NVIDIA Corporation and the French company Mistral AI have announced the Mistral NeMo 12B large language model (LLM), specifically designed to address various enterprise-level tasks such as chatbots, data summarization, and working with program code.
Model Specifications and Training
The Mistral NeMo 12B boasts 12 billion parameters and utilizes a context window of 128 thousand tokens. For inference, it employs the FP8 data format, which is said to reduce memory requirements and expedite deployment without compromising response accuracy. The model was trained using the Megatron-LM library, a component of the NVIDIA NeMo platform, leveraging 3072 NVIDIA H100 accelerators based on DGX Cloud. This setup reportedly allows the Mistral NeMo 12B to excel in multi-pass dialogues, mathematical problems, programming, and more, demonstrating “common sense” and “world knowledge.” The model delivers accurate and reliable performance across a wide range of applications, notes NIX Solutions.
Deployment and Advantages
Released under the Apache 2.0 license, the Mistral NeMo 12B is offered as a NIM container. Its creators claim that implementing this LLM takes minutes rather than days.
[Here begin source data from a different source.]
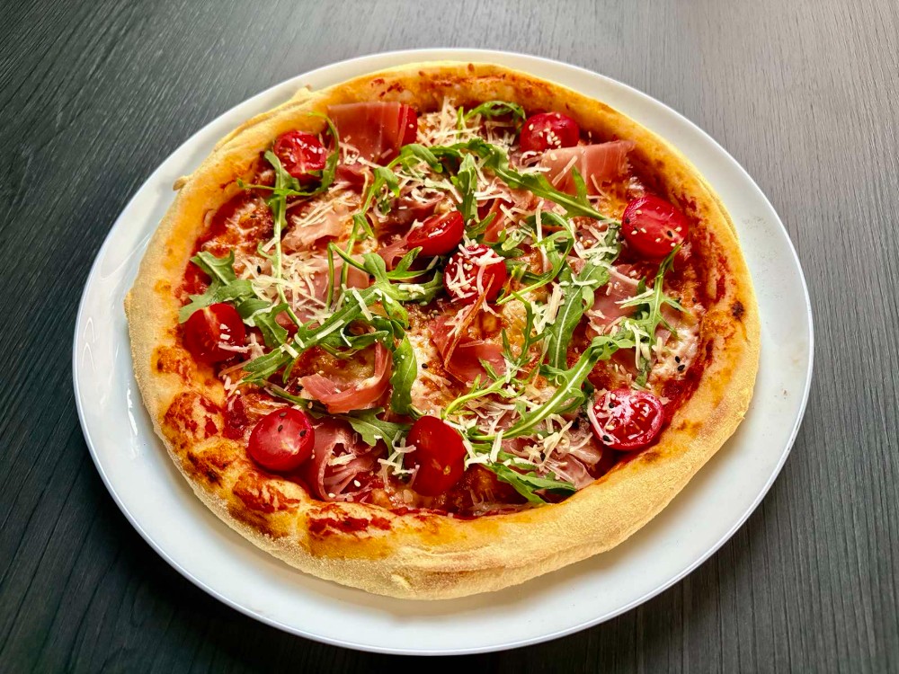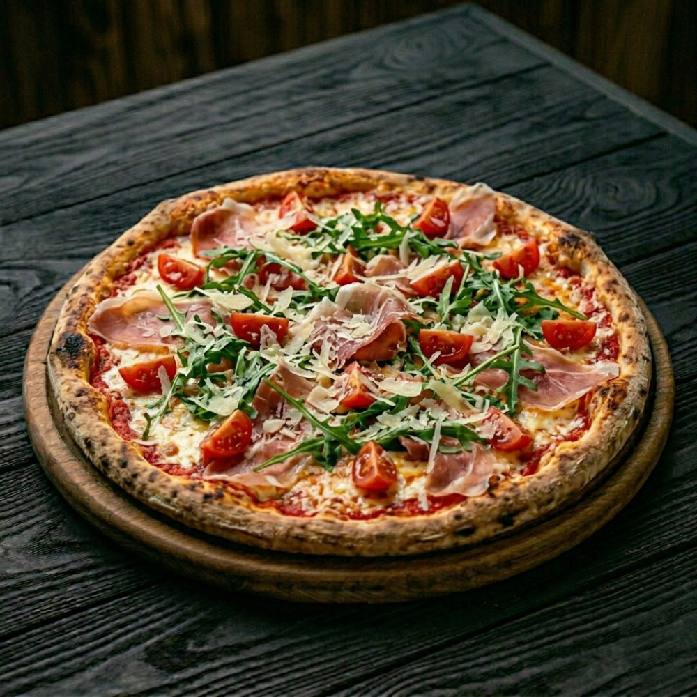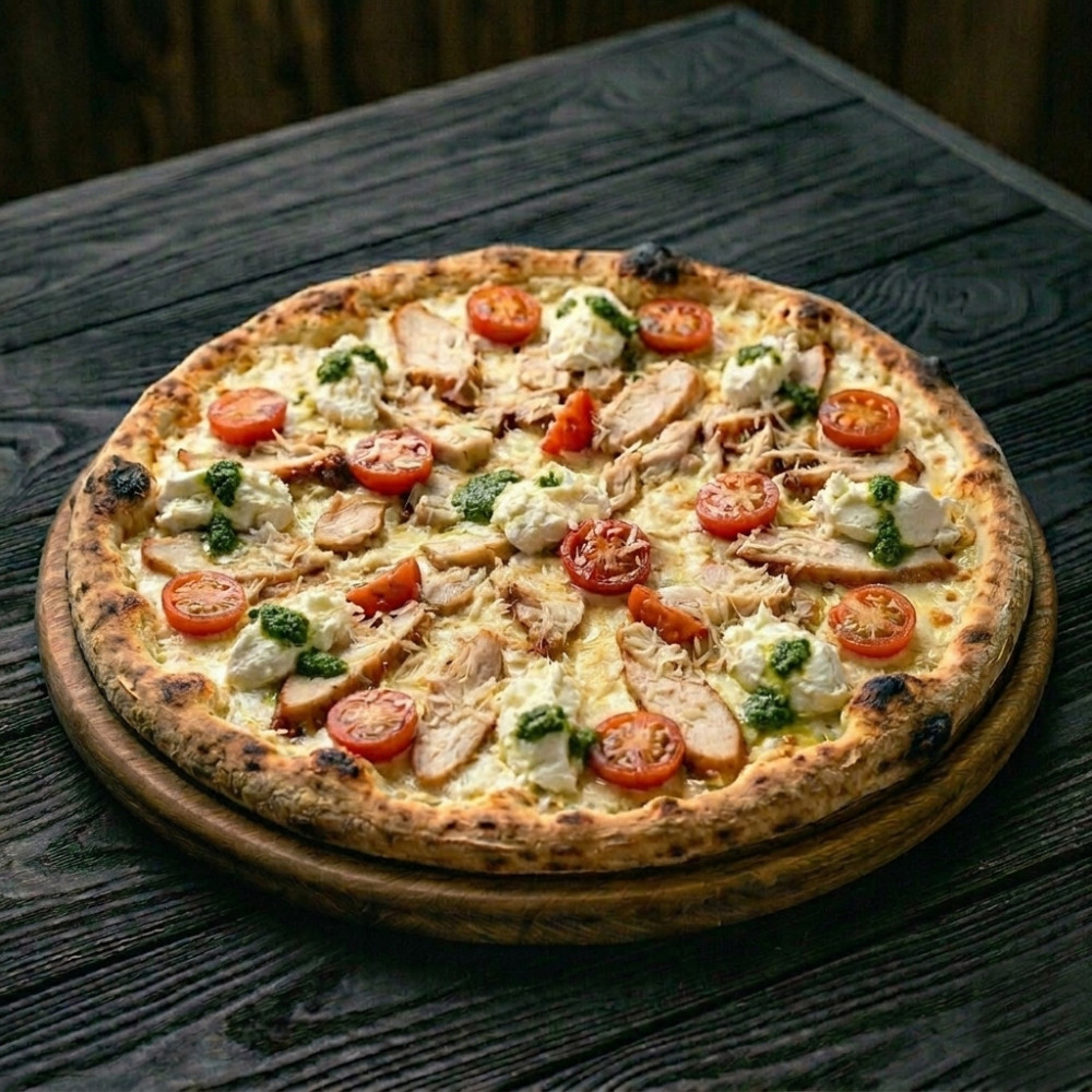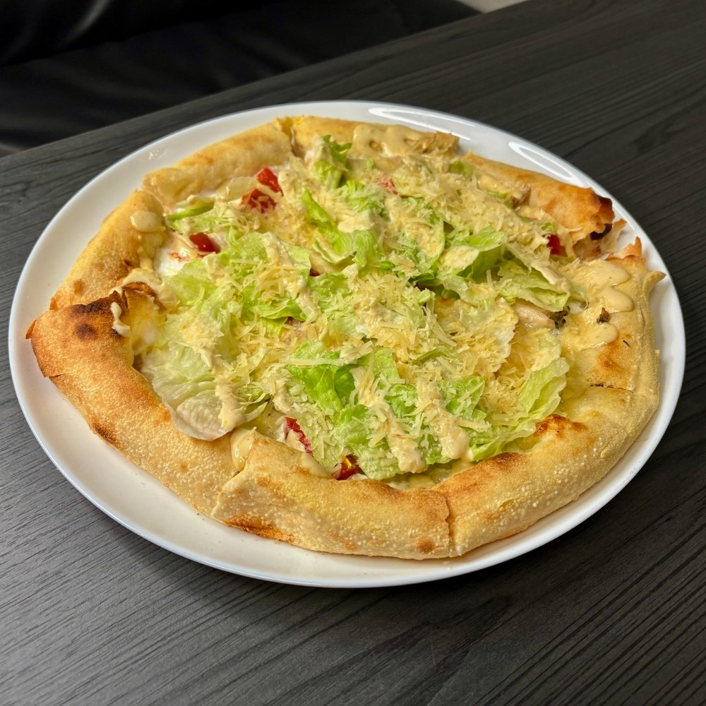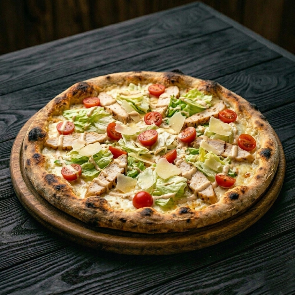 Склад: айсберг, філе куряче, томати чері, перепелине яйце, бекон, грінки, соус Цезар, сир Пармезан, олія оливкова.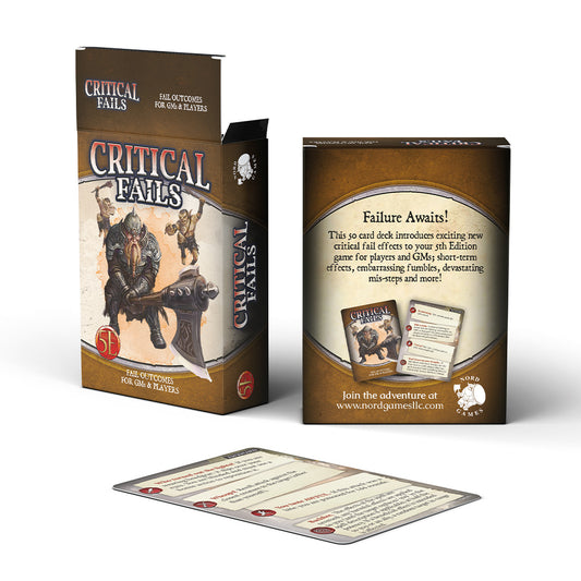 Enhance your 5E D&D games with Nord Games’ versatile card decks, designed to streamline gameplay and elevate your adventures. Spice up combat with our Critical Hit Decks, introducing thrilling new effects that make every battle unforgettable. Build engaging encounters effortlessly using our Wandering Monster Decks, perfect for crafting challenges on the fly. Add depth and danger to your dungeons with our Treacherous Traps Decks, filled with hazards to keep your players on their toes. With countless ways to enrich your campaigns, our card decks are the ultimate tools to make your adventures more dynamic, immersive, and exciting!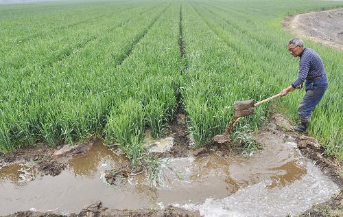 4月15日,山东省滨州市邹平县临池镇农民在田间浇灌小麦。山东省防办、山东省农业厅等部门近日发布的信息显示,2014年以来,山东省降水持续偏少,多地出现不同程度干旱。截至目前,全省926万亩在田作物出现不同程度干旱,占总播种面积的12.05%,有部分地区小麦受此影响出现抽穗、黄稍现象。山东各地已掀起抗旱保麦保春播攻坚战。新华社发(董乃德 摄)

The model can run efficiently on a single NVIDIA L40S accelerator, GeForce RTX 4090, or RTX 4500. Key advantages of deployment via NIM include high efficiency, low computing costs, and enhanced security and privacy. We’ll keep you updated on any further developments.
Overall, the Mistral NeMo 12B represents a significant advancement in AI technology, providing businesses with a powerful tool to streamline operations and enhance productivity.